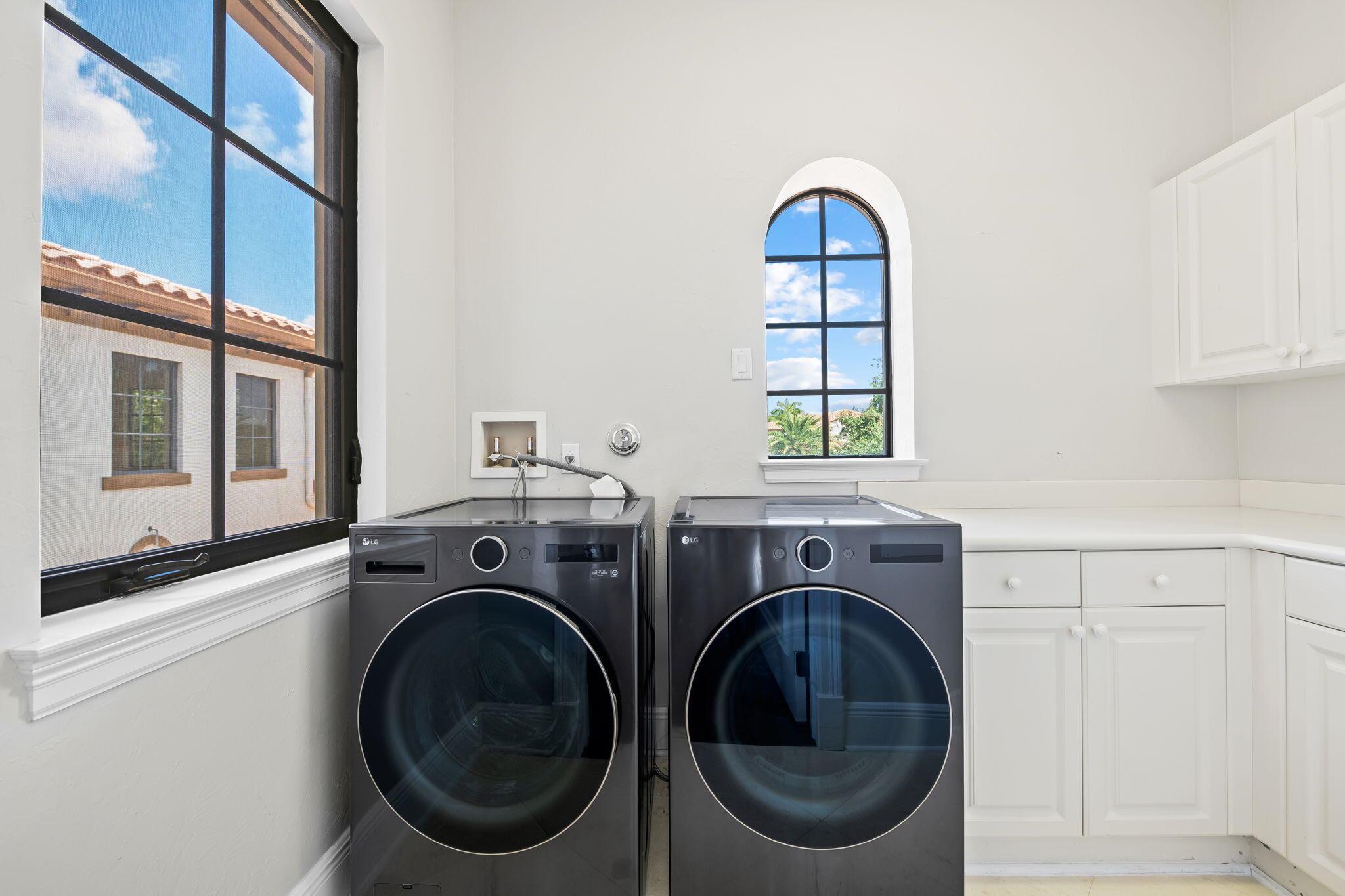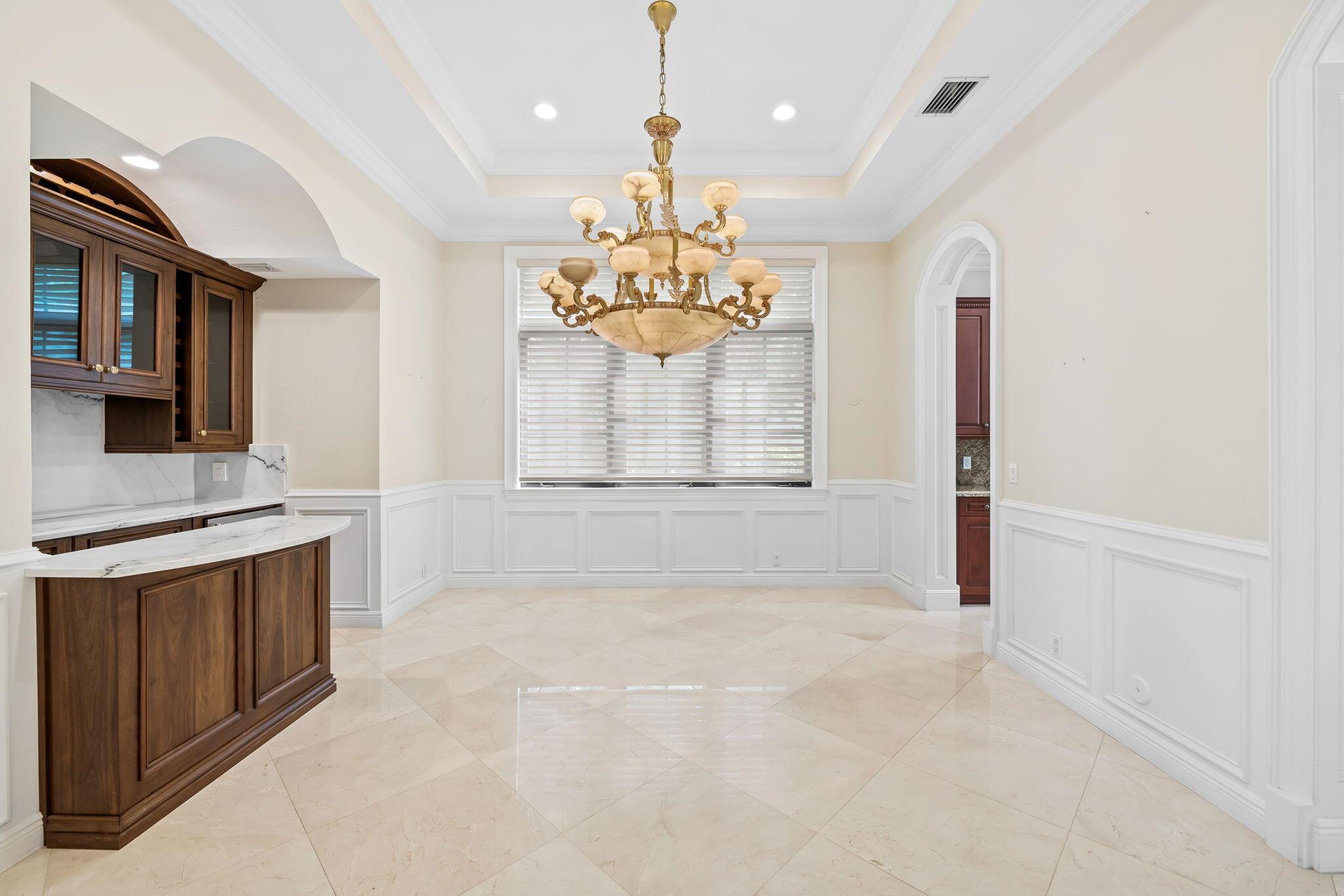 This stunning home offers breathtaking golf and water views, making it a true gem in Parkland Golf. Constructed with CBS materials, including the second floor, and equipped with all impact windows and doors, this Tuscan-inspired residence ensures both safety and elegance. Boasting five bedrooms, four and a half baths, and a spacious three-car garage, this home is situated on one of the most sought-after streets, featuring large lots and fantastic views.Upon entering, you'll be captivated by the soaring ceilings, intricate crown moldings, solid core doors, and numerous architectural details that add a touch of sophistication throughout. The first floor includes a guest suite with a sitting area, providing a comfortable and private space for visitors. The formal living room,
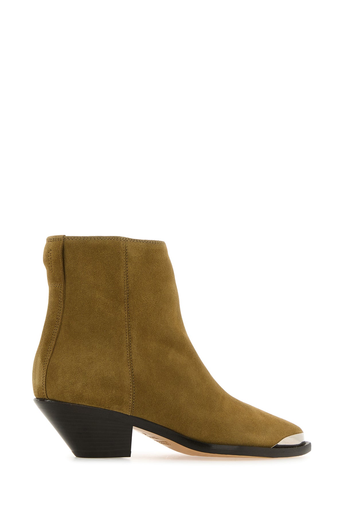 Ankle boots realized in calf suede enriched by metal detail on the toe.
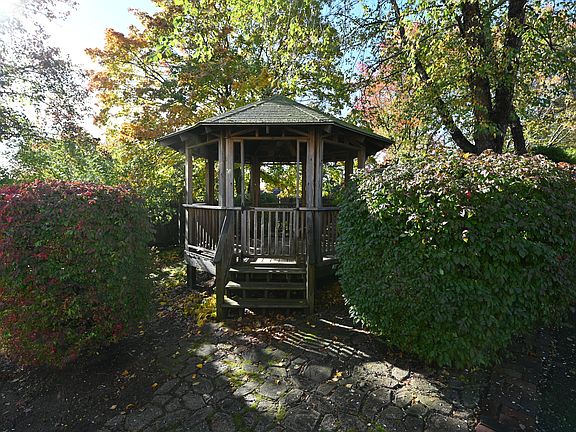 Welcome to 389 Lincoln Street. This home is brimming with charm, space, and potential. Nestled at the end of Lee Street, the grounds provide more than meets the eye with a lovely gazebo, garden featuring waterfall/fountain, stone patio and walkways, shed and a detached garage that provides plenty of space for your vehicles & equipment as well as extra space for a workshop. Equipped with its own power meter, it is a great asset, and might be possible to reimagine as an ADU for additional space. Inside the home there are so many features to love from the hardwood floors and wood trim to the built-ins, glass doorknobs, and other period details. And don't miss the modern touches, including central air conditioning! Desk and rugs at property convey with the sale. This house sits on approx 0.6 acres with enough land to split off a buildable lot.
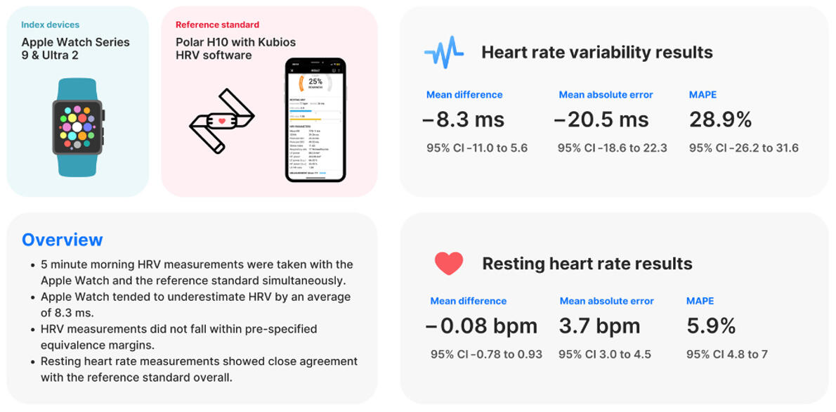 The results suggest that HRV measurements acquired using portable devices demonstrate a small amount of absolute error when compared to ECG. However, this small error is acceptable when considering the improved practicality and compliance of HRV measurements acquired through portable devices in the field setting. Practitioners and researchers should consider the cost-benefit along with the simplicity of the measurement when attempting to increase compliance in acquiring HRV measurements.However, these rather general statements do not exempt the specific evaluation of a new measuring device. You can find one example for the Apple Watch Series 9 with the considerable width of possible measurement errors to be taken into account for HRV measurements. However, it is difficult to keep up with the rapid pace of technological development in order to provide constantly updated validations for different application scenarios and populations.
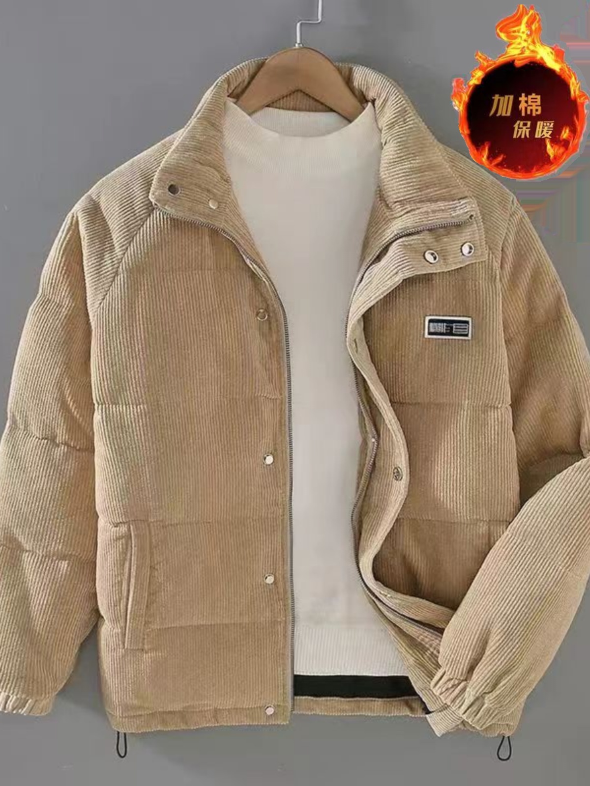 冬季男士棉衣加厚保暖灯芯绒棉服外套日系宽松潮流纯色秋冬装棉袄的描述
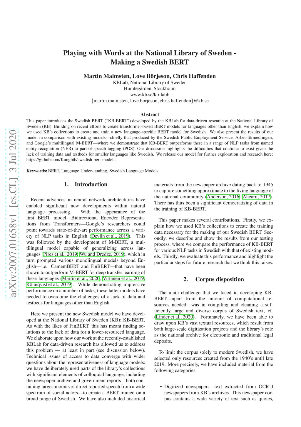 This paper introduces the Swedish BERT ("KB-BERT") developed by the KBLab for data-driven research at the National Library of Sweden (KB). Building on recent efforts to create transformer-based BERT models for languages other than English, we explain how we used KB's collections to create and train a new language-specific BERT model for Swedish. We also present the results of our model in comparison with existing models - chiefly that produced by the Swedish Public Employment Service, Arbetsf\"ormedlingen, and Google's multilingual M-BERT - where we demonstrate that KB-BERT outperforms these in a range of NLP tasks from named entity recognition (NER) to part-of-speech tagging (POS). Our discussion highlights the difficulties that continue to exist given the lack of training data and testbeds for smaller languages like Swedish. We release our model for further exploration and research here: https://github.com/Kungbib/swedish-bert-models .
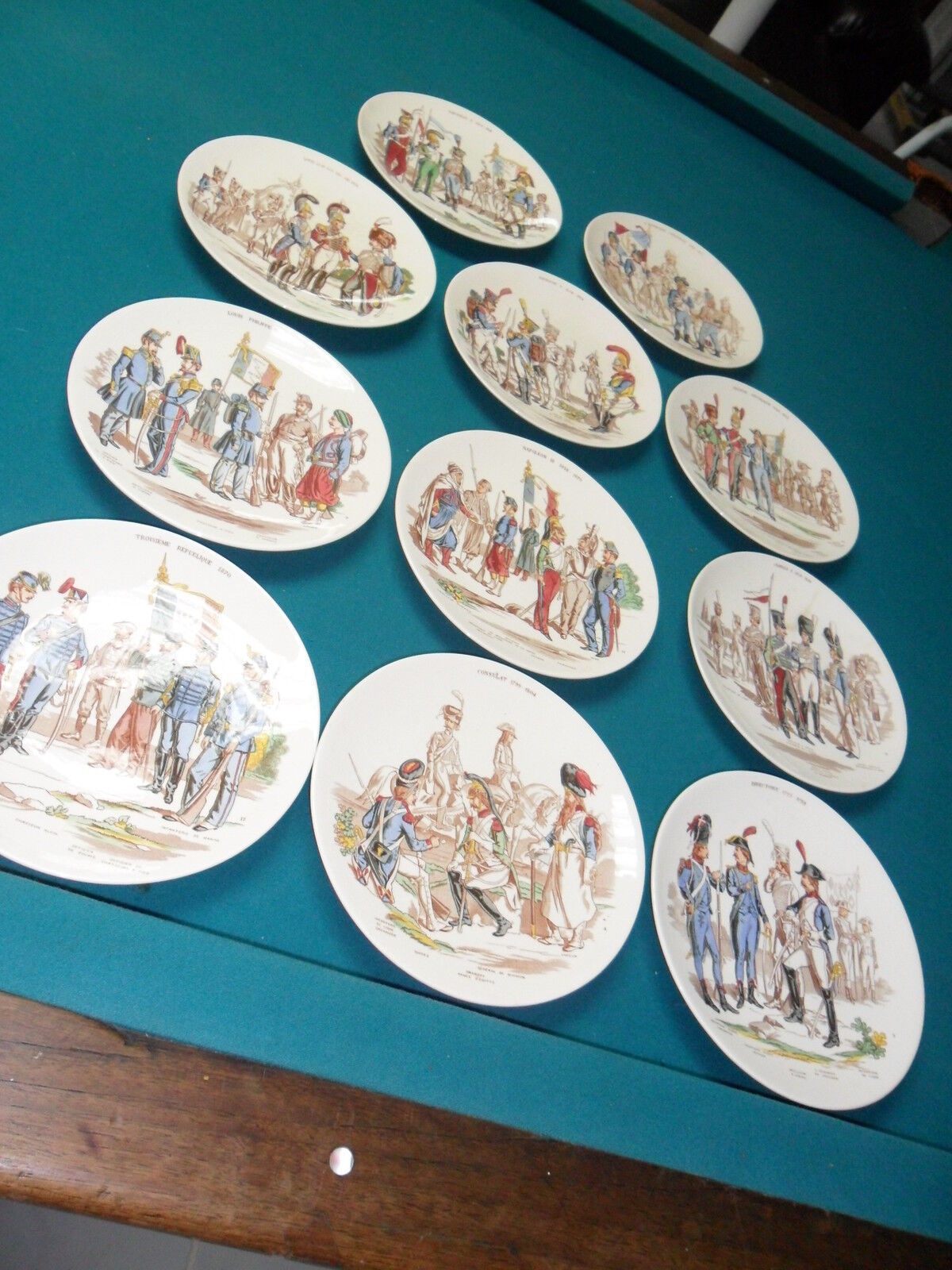 Faience Hanging 11 Plates MILITARY Utzschneider 1920 Sarreguemines ORIGINAL
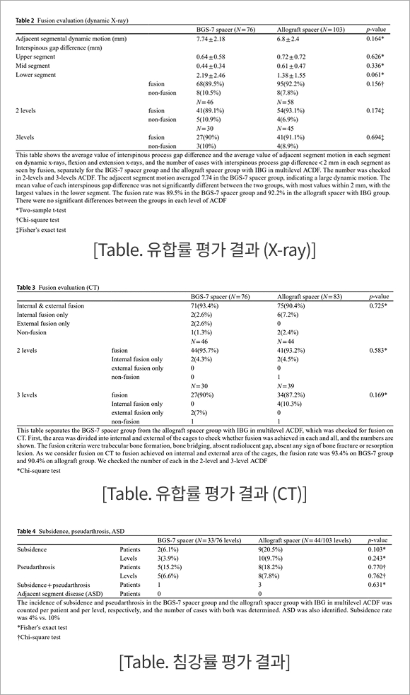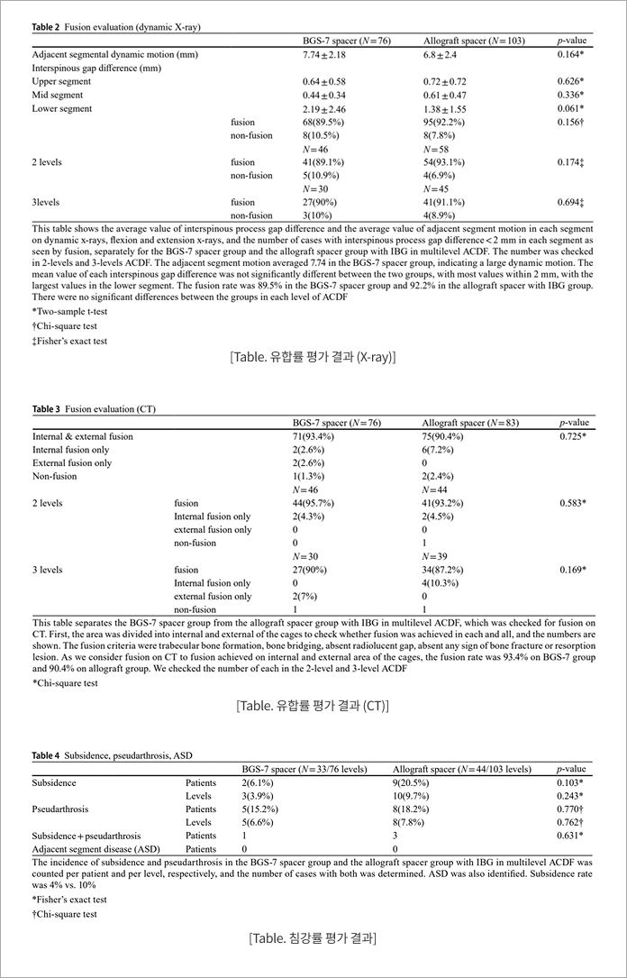 수술 1년 후 유합률은 BGS-7 그룹에서 89.5%, 동종골 그룹에서 92.2%로 유의한 차이가 없었으며, 내부 및 외부 골유합 비율도 각각 93.4%와 90.4%로 유의한 차이가 없었다. 또한, BGS-7 그룹은 동종골 그룹과 비교하여 침강률과 케이지 파손률이 적었으며, 하부 분절 높이가 잘 유지되었다. JOA, NDI, FRI, VAS 등의 임상적 평가지표에서는 두 그룹 모두 수술 전과 비교하여 유의하게 개선된 결과를 보여주었다.

→ **EXERCISE AIM**: In the listing above, find the line containing "The results suggest" and the line containing "冬季男士棉衣加厚保暖灯芯绒棉服外套日系宽松潮流纯色秋冬装棉袄的描述", then return both of them and every line between, exactly, without pictures.

→ **SOLUTION TO THIS PROBLEM**:
 The results suggest that HRV measurements acquired using portable devices demonstrate a small amount of absolute error when compared to ECG. However, this small error is acceptable when considering the improved practicality and compliance of HRV measurements acquired through portable devices in the field setting. Practitioners and researchers should consider the cost-benefit along with the simplicity of the measurement when attempting to increase compliance in acquiring HRV measurements.However, these rather general statements do not exempt the specific evaluation of a new measuring device. You can find one example for the Apple Watch Series 9 with the considerable width of possible measurement errors to be taken into account for HRV measurements. However, it is difficult to keep up with the rapid pace of technological development in order to provide constantly updated validations for different application scenarios and populations.
 冬季男士棉衣加厚保暖灯芯绒棉服外套日系宽松潮流纯色秋冬装棉袄的描述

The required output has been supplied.